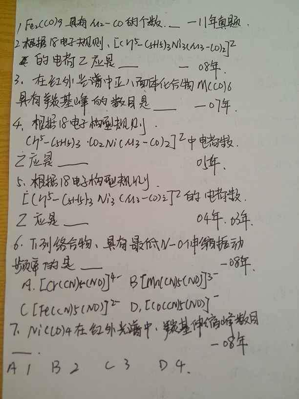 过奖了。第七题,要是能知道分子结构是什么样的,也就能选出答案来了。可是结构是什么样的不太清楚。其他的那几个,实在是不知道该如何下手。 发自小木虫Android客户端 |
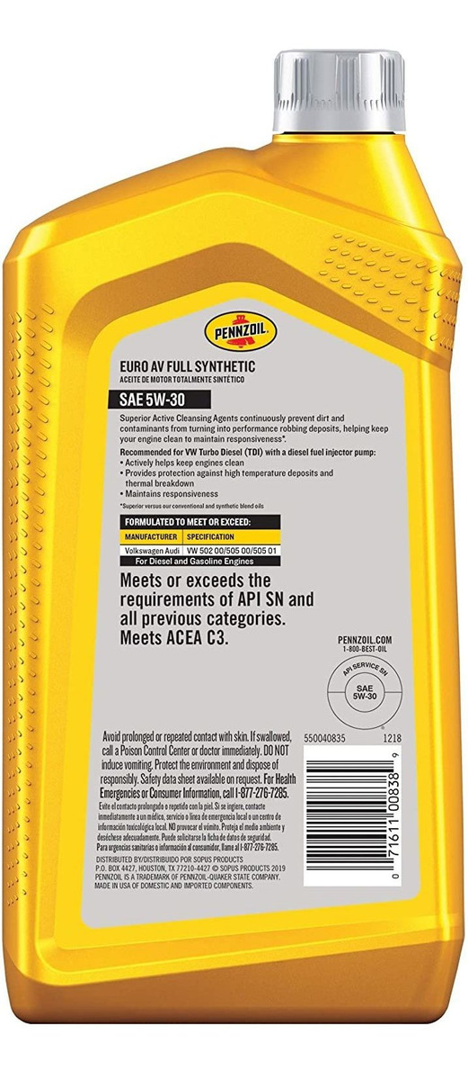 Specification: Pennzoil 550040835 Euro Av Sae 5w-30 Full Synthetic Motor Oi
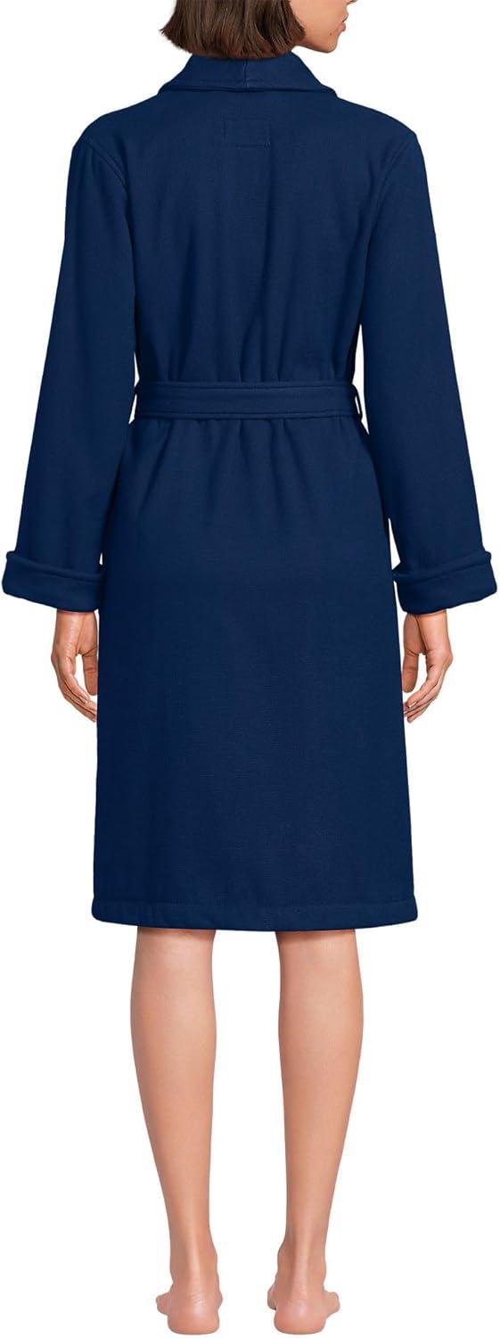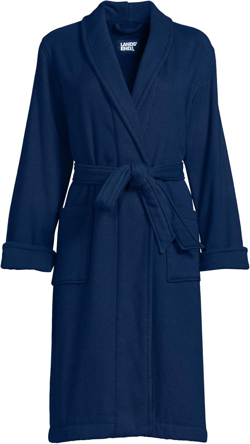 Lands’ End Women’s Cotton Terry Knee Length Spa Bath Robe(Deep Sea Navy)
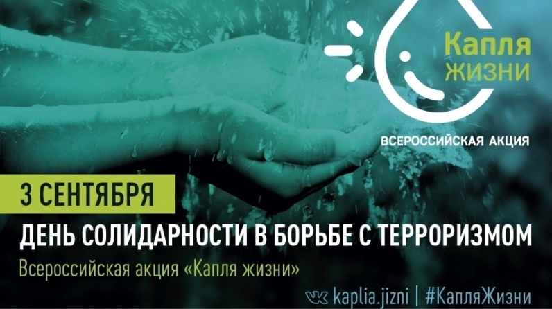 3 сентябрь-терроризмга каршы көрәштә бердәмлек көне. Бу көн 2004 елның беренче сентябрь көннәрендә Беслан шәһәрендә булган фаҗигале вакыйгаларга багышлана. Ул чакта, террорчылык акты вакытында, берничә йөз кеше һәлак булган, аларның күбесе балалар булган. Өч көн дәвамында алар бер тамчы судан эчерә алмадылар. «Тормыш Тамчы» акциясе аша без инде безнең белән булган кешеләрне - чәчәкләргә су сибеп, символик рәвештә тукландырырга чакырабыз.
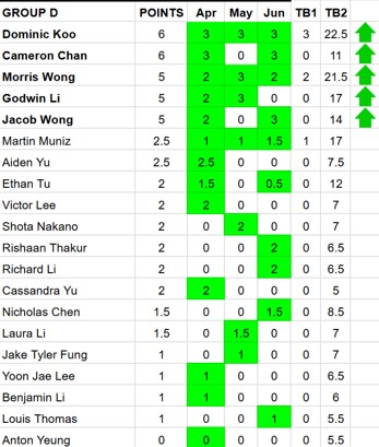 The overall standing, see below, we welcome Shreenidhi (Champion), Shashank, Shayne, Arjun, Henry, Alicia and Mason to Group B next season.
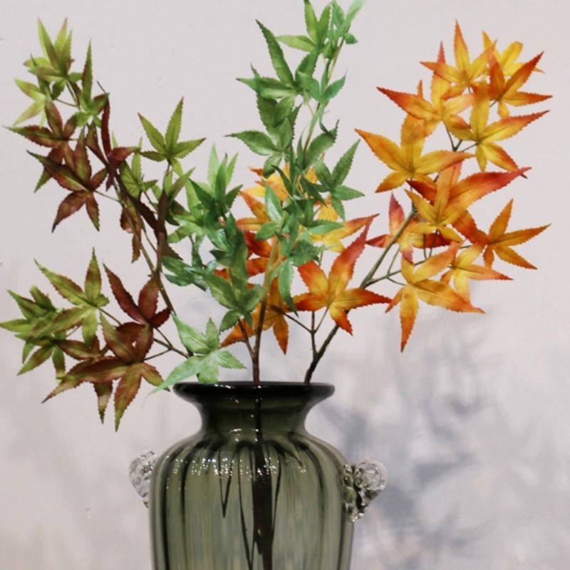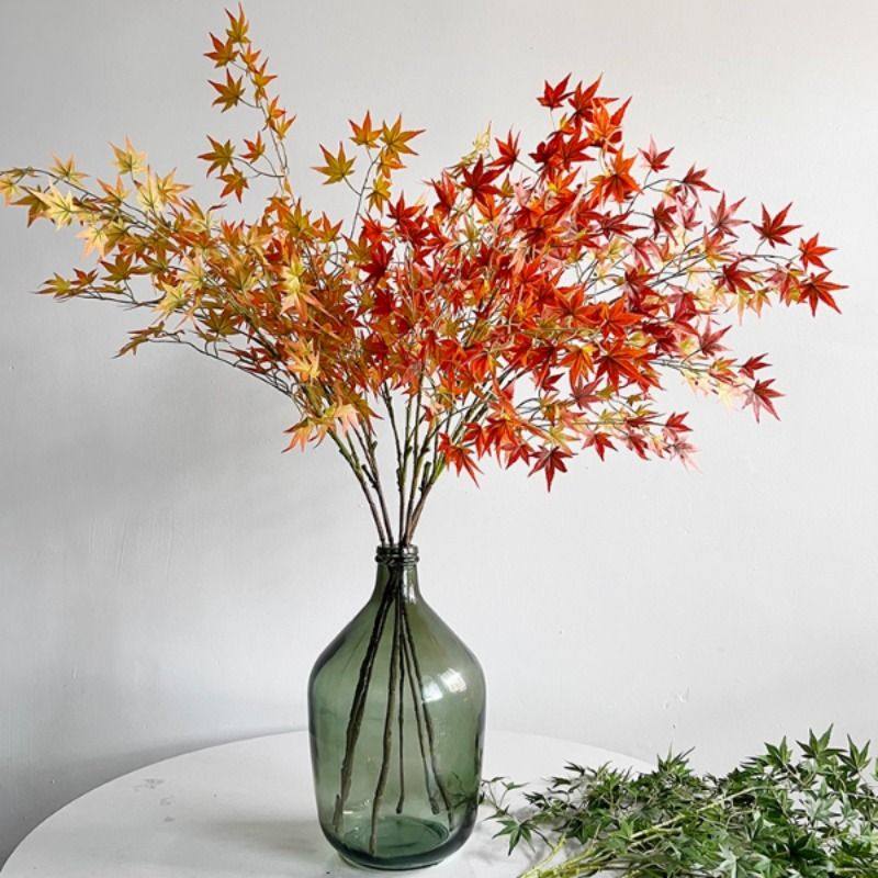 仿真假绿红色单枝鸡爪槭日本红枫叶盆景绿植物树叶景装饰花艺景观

======

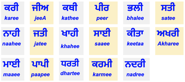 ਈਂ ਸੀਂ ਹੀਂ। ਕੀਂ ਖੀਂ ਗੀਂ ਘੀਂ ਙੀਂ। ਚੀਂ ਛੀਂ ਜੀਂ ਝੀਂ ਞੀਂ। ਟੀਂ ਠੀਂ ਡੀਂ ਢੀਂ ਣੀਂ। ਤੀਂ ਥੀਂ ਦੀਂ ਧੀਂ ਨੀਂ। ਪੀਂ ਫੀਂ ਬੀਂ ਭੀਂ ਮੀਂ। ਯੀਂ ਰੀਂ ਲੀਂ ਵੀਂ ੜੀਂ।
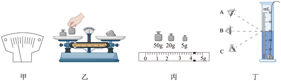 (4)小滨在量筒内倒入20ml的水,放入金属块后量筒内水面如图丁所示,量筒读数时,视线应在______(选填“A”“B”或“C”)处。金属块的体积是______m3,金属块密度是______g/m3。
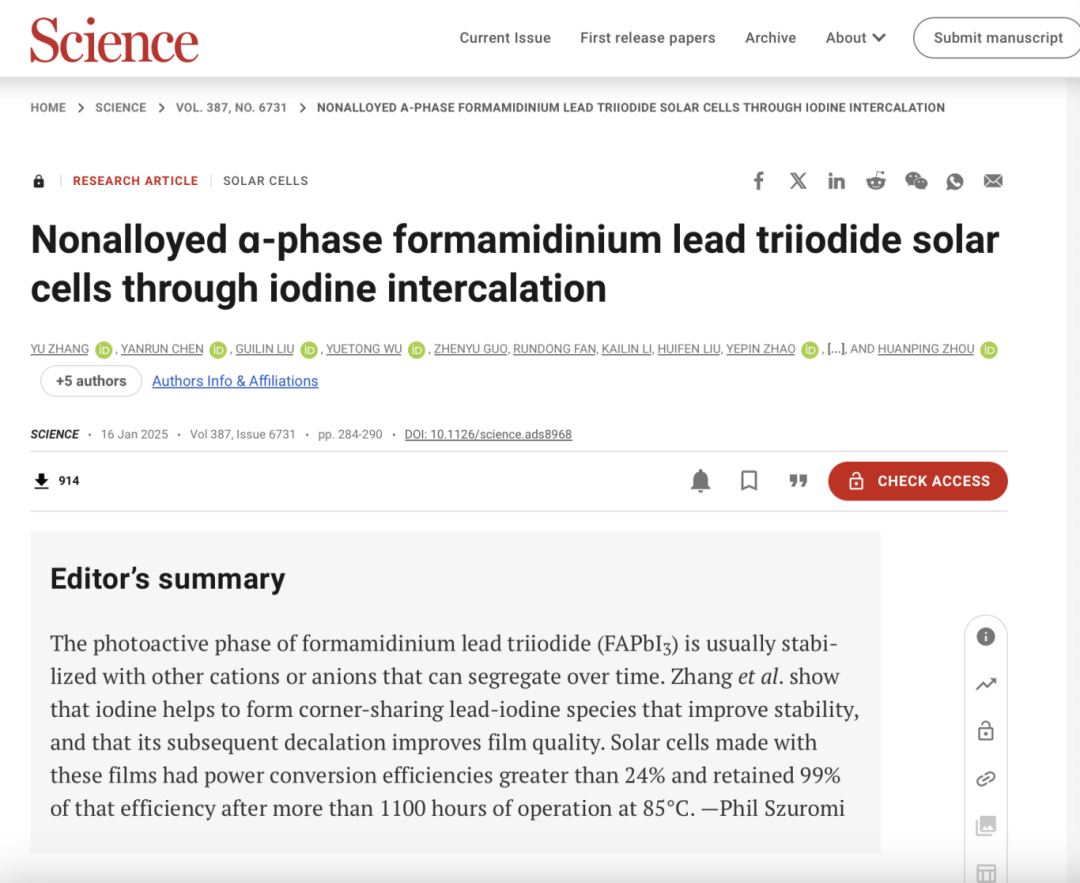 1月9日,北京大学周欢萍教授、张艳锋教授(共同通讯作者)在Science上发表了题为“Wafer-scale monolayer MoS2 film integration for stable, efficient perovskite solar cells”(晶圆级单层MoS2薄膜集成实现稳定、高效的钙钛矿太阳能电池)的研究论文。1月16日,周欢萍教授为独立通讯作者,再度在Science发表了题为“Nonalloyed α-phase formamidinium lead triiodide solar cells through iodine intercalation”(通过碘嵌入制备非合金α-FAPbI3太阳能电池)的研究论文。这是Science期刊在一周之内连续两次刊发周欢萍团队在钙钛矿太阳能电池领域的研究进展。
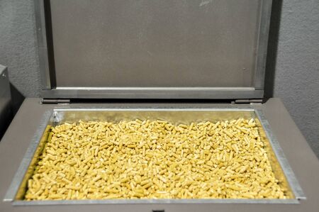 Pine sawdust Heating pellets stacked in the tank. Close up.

======

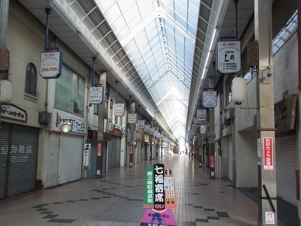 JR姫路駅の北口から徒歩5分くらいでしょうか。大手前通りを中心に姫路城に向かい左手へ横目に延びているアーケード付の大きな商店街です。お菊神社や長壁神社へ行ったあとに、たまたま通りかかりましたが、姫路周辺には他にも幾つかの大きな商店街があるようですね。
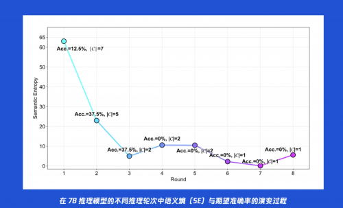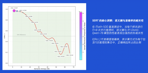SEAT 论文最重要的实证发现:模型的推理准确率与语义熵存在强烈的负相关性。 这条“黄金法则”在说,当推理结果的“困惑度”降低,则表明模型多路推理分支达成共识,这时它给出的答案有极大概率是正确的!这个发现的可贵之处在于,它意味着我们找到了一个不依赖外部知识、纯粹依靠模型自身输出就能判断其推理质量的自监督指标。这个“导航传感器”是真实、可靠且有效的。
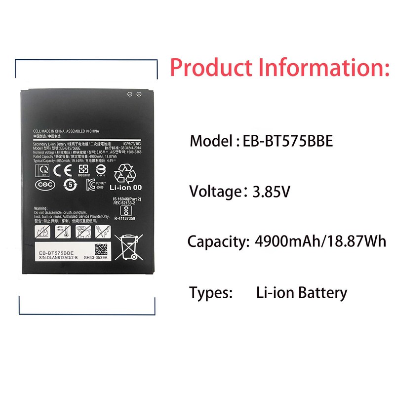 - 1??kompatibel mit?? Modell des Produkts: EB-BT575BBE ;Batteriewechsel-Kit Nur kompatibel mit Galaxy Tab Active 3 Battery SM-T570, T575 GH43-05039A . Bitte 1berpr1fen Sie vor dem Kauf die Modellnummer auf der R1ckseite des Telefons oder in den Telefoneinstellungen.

======

Assignment: Range to copy from the listing above: the line containing "monolayer MoS2 film" down to the line containing "Pine sawdust Heating", both included. Reproduce it exactly, minus the pictures, and add nothing.

Solution:
 1月9日,北京大学周欢萍教授、张艳锋教授(共同通讯作者)在Science上发表了题为“Wafer-scale monolayer MoS2 film integration for stable, efficient perovskite solar cells”(晶圆级单层MoS2薄膜集成实现稳定、高效的钙钛矿太阳能电池)的研究论文。1月16日,周欢萍教授为独立通讯作者,再度在Science发表了题为“Nonalloyed α-phase formamidinium lead triiodide solar cells through iodine intercalation”(通过碘嵌入制备非合金α-FAPbI3太阳能电池)的研究论文。这是Science期刊在一周之内连续两次刊发周欢萍团队在钙钛矿太阳能电池领域的研究进展。
 Pine sawdust Heating pellets stacked in the tank. Close up.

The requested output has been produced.